Instructions to follow ▸ Given the entries below, would you transcribe exactly the lines starting at the one with "yapıldığı tespit edilmiştir." and ending at the one with "7月6日,在浙江省溫嶺動物園里,巨大的河馬背上趴著一只小白兔,它們一起走動覓食、納涼消夏,讓游客忍俊不禁。中新社發 江勇兵 攝", both kept, pictures omitted, nothing extra?

Information ▸
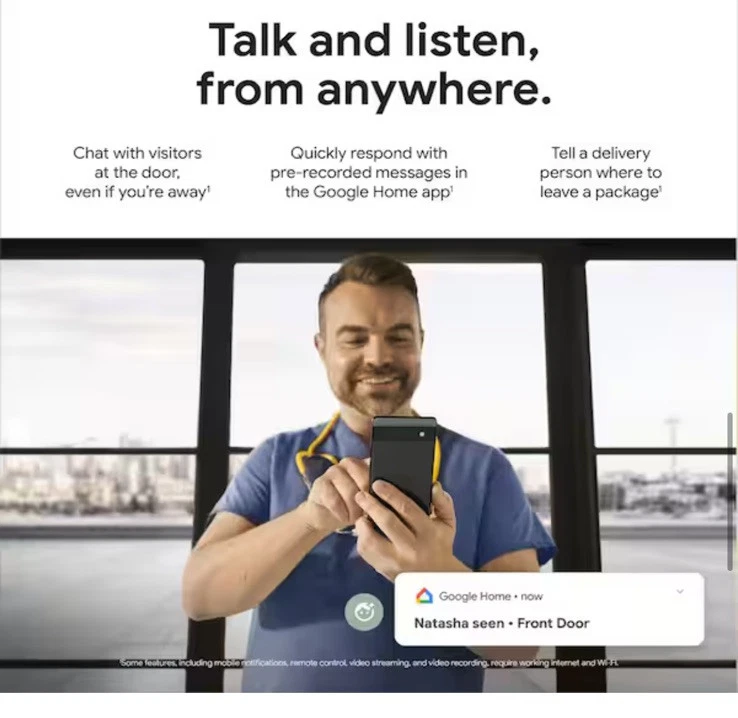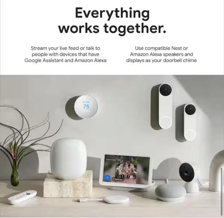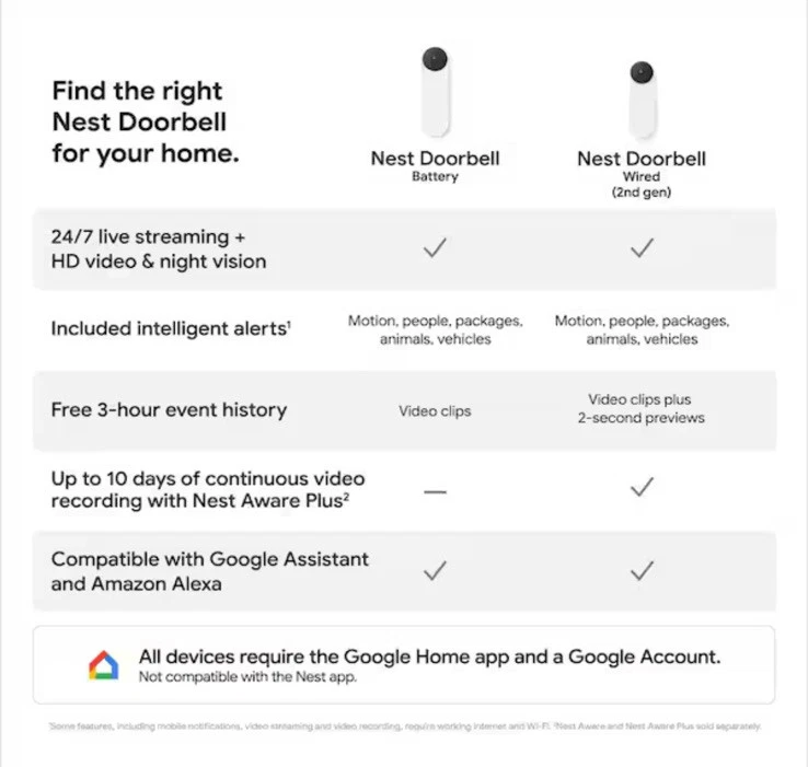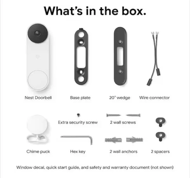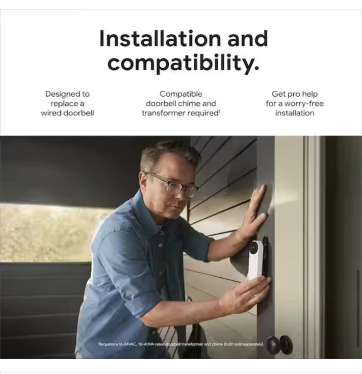 The 2nd-gen wired Nest Doorbell is always on, so you can know what's happening at your front door around the clock [1]. Get intelligent alerts about people, packages, and animals, and 3 hours of event video history - no subscription required. Add up to 10 days of continuous recording with Nest Aware Plus [2]. And set up and manage your video doorbell easily using the Google Home app [3]. Includes intelligent alerts, which can tell the difference between a person, package, animal, and vehicle. Get peace of mind knowing you can check in 24/7 without having to recharge batteries [1] HDR helps you see details in sunlight or shadows, while night vision helps you see in the dark. A taller, enhanced camera view lets you see people head to toe and packages left on the ground as close as 8 inches from your door. Quickly respond to someone at your door with pre-recorded messages like "Just a sec, we'll be right there," or "You can just leave it. Thanks!" [1] If Wi-Fi goes out, the Nest Doorbell automatically records events for up to an hour. When it's back online, you can see exactly what you missed. Chat through the doorbell to let friends know you'll be right there. Or tell a delivery person where to leave a package. Set up and manage your Nest Doorbell using the Google Home app [1]; You can also view the live video feed at home.google.com. Doorbell works with compatible doorbell transformers; Requires a 16-24VAC, 10-40VA rated doorbell transformer and chime (both sold separately); May require replacing existing hardware Disclaimers: 1. Some features, including mobile notifications, remote control, video streaming, and video recording, require working internet and Wi-Fi 2. Continuous video recording requires a Nest Aware Plus subscription 3. To learn more, visit g.co/nest/cam-mem Product Information Internet # 322549632 Model # GA03695-US E66
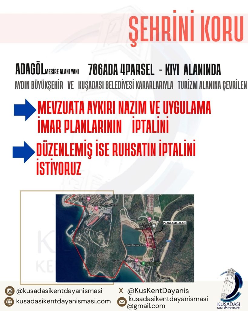 ! ADAGÖL Kıyı sınırı dikkate alınmaksızın deniz kenarına mesafesi “kıyı kenar çizgisi” olarak tanımlanarak 50metre, taşıt yolundan 7 metre, kuzey cepheden 5 metre yapı yaklaşma mesafeli turizm alanı (otel) amaçlı1/1000 ölçekli Uygulama İmar Planı teklifi Kuşadası Belediye Meclisi’nin 02.05.2023 tarih ve 219 sayılı karar ile uygun bulunduğu ve imar plan tadilatının yapıldığı tespit edilmiştir.
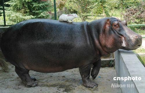 7月6日,在浙江省溫嶺動物園里,巨大的河馬背上趴著一只小白兔,它們一起走動覓食、納涼消夏,讓游客忍俊不禁。中新社發 江勇兵 攝
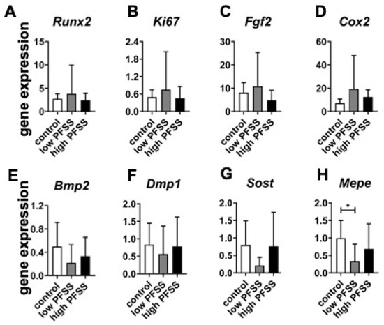 One-hour low and high PFSS did not affect Runx2 expression (Figure 5A). Expression levels of Ki67, Fgf2, and Cox2 showed a similar trend, i.e., they were also not affected by low or high PFSS (Figure 5B–E). Bmp2, Dmp1, and Sost genes displayed similar expression levels, and were not affected by low or high PFSS (Figure 5E–G). Interestingly, low but not high PFSS significantly decreased Mepe expression (0.3-fold; Figure 5H).
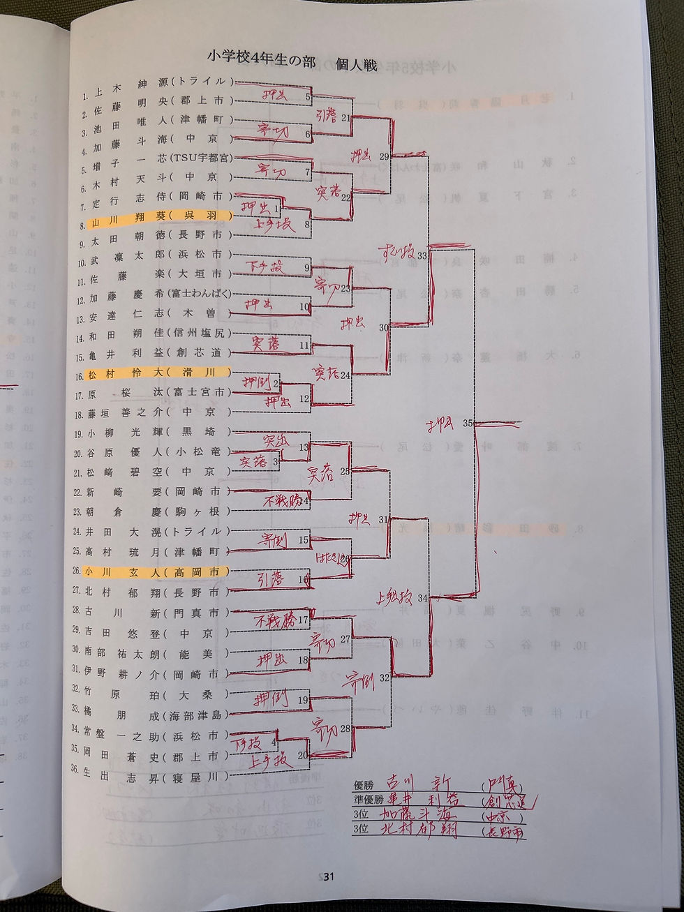 富山県からは、福光SC5人、呉羽道場10人、高岡市相撲教室9人、朝日丘相撲倶楽部2人、滑川相撲クラブ8人の合計34人の小中学生が参加しています。
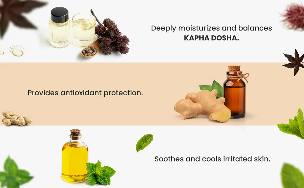 This Ayurvedic massage oil combines Eranda (Castor seed oil) with Sunthi (Ginger) and Pudinah (Peppermint oil) to create a balanced, nourishing blend. In Ayurveda, Eranda oil is traditionally used for deep moisturisation and Kapha balance, making it ideal for dry, tired skin. Ginger oil provides antioxidant support to help protect the skin from daily environmental stress, while Peppermint oil offers a cooling, soothing sensation during massage.
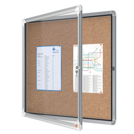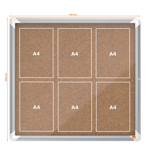 Ad anta battente. Nuovo design con robusta cornice in alluminio e vetro di sicurezza di 4mm. fondo fondo in sughero per uso con puntine. Fissaggio semplice effettuabile da una sola persona. Serratura con 2 chiavi. Apertura istallabile sia a destra che a sinistra. Formato 6xa4. DImensioni: 70,8x66,7x4,3cm.
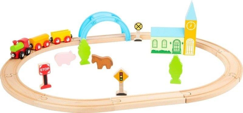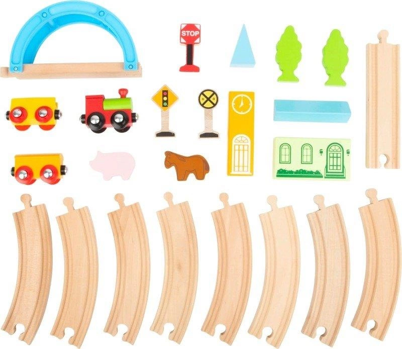 Kolejka drewniana z mostem Wieś i okolica 11490-Small Foot, kolejki dla dzieci
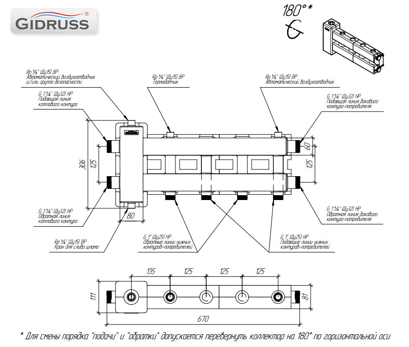 Коллектор балансировочный Gidruss BM-80-3DU.EPP (до 80 кВт, подкл. котла G 1 1/4", 1+1 контура G 1", боковой контур G 1 1/4", 4D-кронштейны K.UMS, EPP
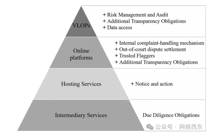 本次欧盟《数字服务法》所创造的制度亮点之一是赋予了中介服务提供商的透明度和尽职调查义务义务,后者包括“纯粹的渠道”、“缓存”和“托管”的服务,这改变了自2000年《电子商务指令》施行以来一直保持稳定的欧盟中介服务提供商的义务范围。更显著的制度亮点是《数字服务法》细化了对中介服务类别内的区别。除了适用于所有中介服务提供商的规定之外,《数字服务法》还增加托管服务提供商和在线平台的义务。《数字服务法》实行金字塔结构,一般“尽职调查义务”适用于广泛的中介服务提供商群体,额外的义务只影响一些中介服务类型日益有限的某些提供者。拟议的义务累积适用,这意味着在线平台也需要遵守一般中介服务和托管服务提供者的尽职调查义务。因此,VLOP不仅必须遵守与其类别具体相关的义务,还必须遵守“普通”在线平台的义务。然而,《数字服务法》对不同中介服务的分类仍然可能导致不确定性。例如,云基础设施似乎属于在线平台类别,即在线平台类别(或可能是VLOP),尽管它们在技术上无法监控或管理它们代表客户存储的内容。
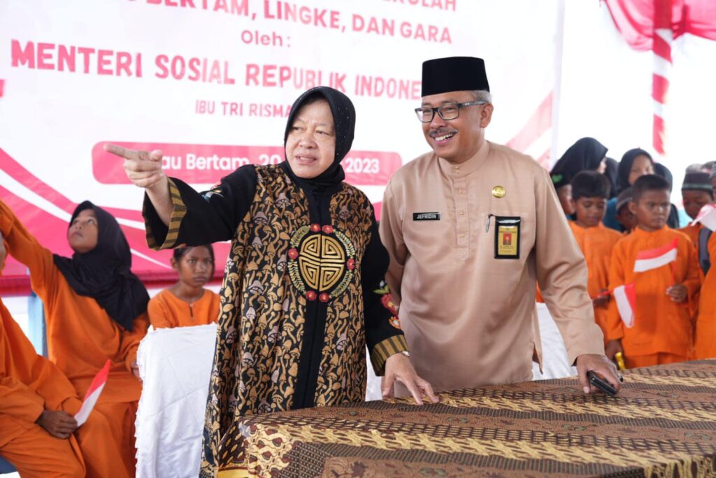 POJOKTIMES.COM | Batam – Wali Kota Batam, Muhammad Rudi diwakili Sekretaris Daerah Kota Batam, Jefridin, M.Pd. menjemput kedatangan Menteri Sosial RI, Tri Rismaharini di Bandara Hang Nadim, Jumat (20/10/2023). Dari Bandara Hang Nadim, rombongan bertolak menuju ke Belakang Padang. Pagi itu, Menteri Risma akan menyerahkan tiga unit kapal angkut untuk transportasi anak sekolah di Pulau Bertam, Pulau Gara dan Pulau Lingka Kecamatan Belakang Padang.
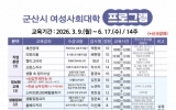 군산 박인석 기자2026. 02.20[AI 호남뉴스]군산시 여성사회대학이 오는 2월 24일부터 27일까지 상반기 프로그램 수강생을 선착순 모집한다. 이번 프로그램은 ▲직업훈련 교육(패션양재 등 5개) ▲정보화 교육(손쉽게 배우는 AI 등 3개) ▲생활문화 교육(생활집밥요리 등 2개) ▲교양 교육(보태니컬아트와 색연필화 등 13개) ▲건강 교육(요가 등 5개) ▲야간 교육(통기타초급 등 3개) 분야별 총 31개 강좌가 운영되며, 손쉽게 배우는 AI 등 19개 강좌는 남성 회원도 참여할 수 있다. 교육 기간은 3월 9일부터 6월 17일까지 총 14주(공휴일 제외, A...
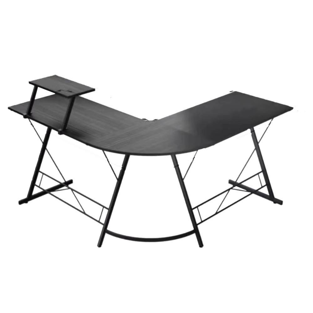 - GameOn L-Shaped Slayer I Series Gaming Desk & Table Top With Accessories Stand – Black
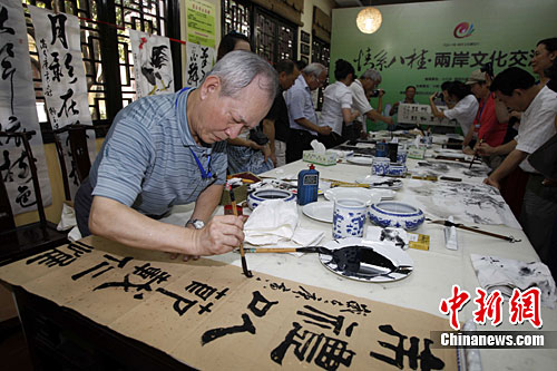 8月20日,参加“情系八桂——两岸文化联谊活动”的书法家、画家,在广西桂林靖江王府进行“笔会”交流。图为台湾著名书法家陈炫明现场挥毫。中新社记者 张宇 摄
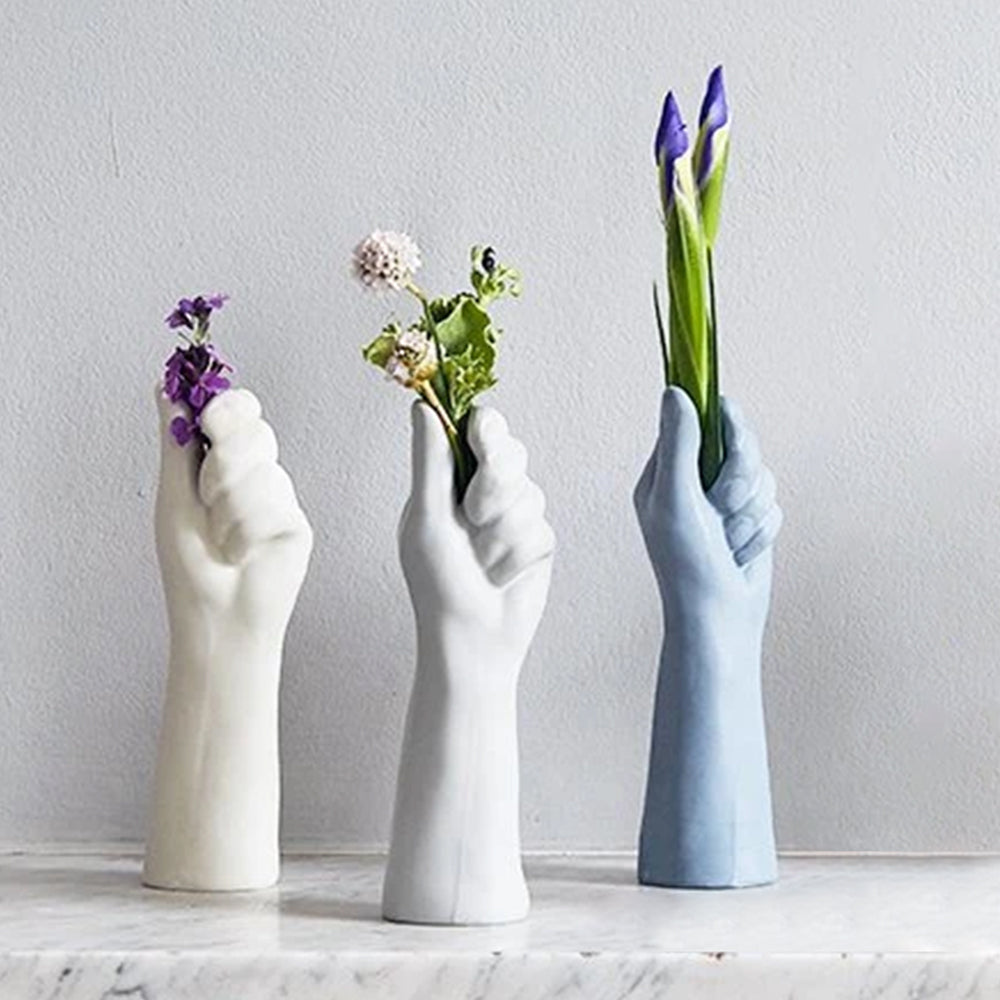This is a unique design of flower vase that will make it look amazing even without flowers in it.nIt is available in 3 colors- white, blue, and grey.nThis statement vase can be the focal point for the interior design of the rest of your house.nThe design resembles a hand offering flowers to a beloved. It can be ideal for gifting purposes.nThe Artment is one of the leading home decor brands, that creates unique designs which are eye-catching and utilitarian in nature and a worthy investment for your home.nHand Me The Flowers is a gorgeous addition to your home decor. It can be displayed in the show cabinets or set on the foyer table. This flower vase’s unique design is going to add an x-factor to your decor.n

Task solution ▸
 ! ADAGÖL Kıyı sınırı dikkate alınmaksızın deniz kenarına mesafesi “kıyı kenar çizgisi” olarak tanımlanarak 50metre, taşıt yolundan 7 metre, kuzey cepheden 5 metre yapı yaklaşma mesafeli turizm alanı (otel) amaçlı1/1000 ölçekli Uygulama İmar Planı teklifi Kuşadası Belediye Meclisi’nin 02.05.2023 tarih ve 219 sayılı karar ile uygun bulunduğu ve imar plan tadilatının yapıldığı tespit edilmiştir.
 7月6日,在浙江省溫嶺動物園里,巨大的河馬背上趴著一只小白兔,它們一起走動覓食、納涼消夏,讓游客忍俊不禁。中新社發 江勇兵 攝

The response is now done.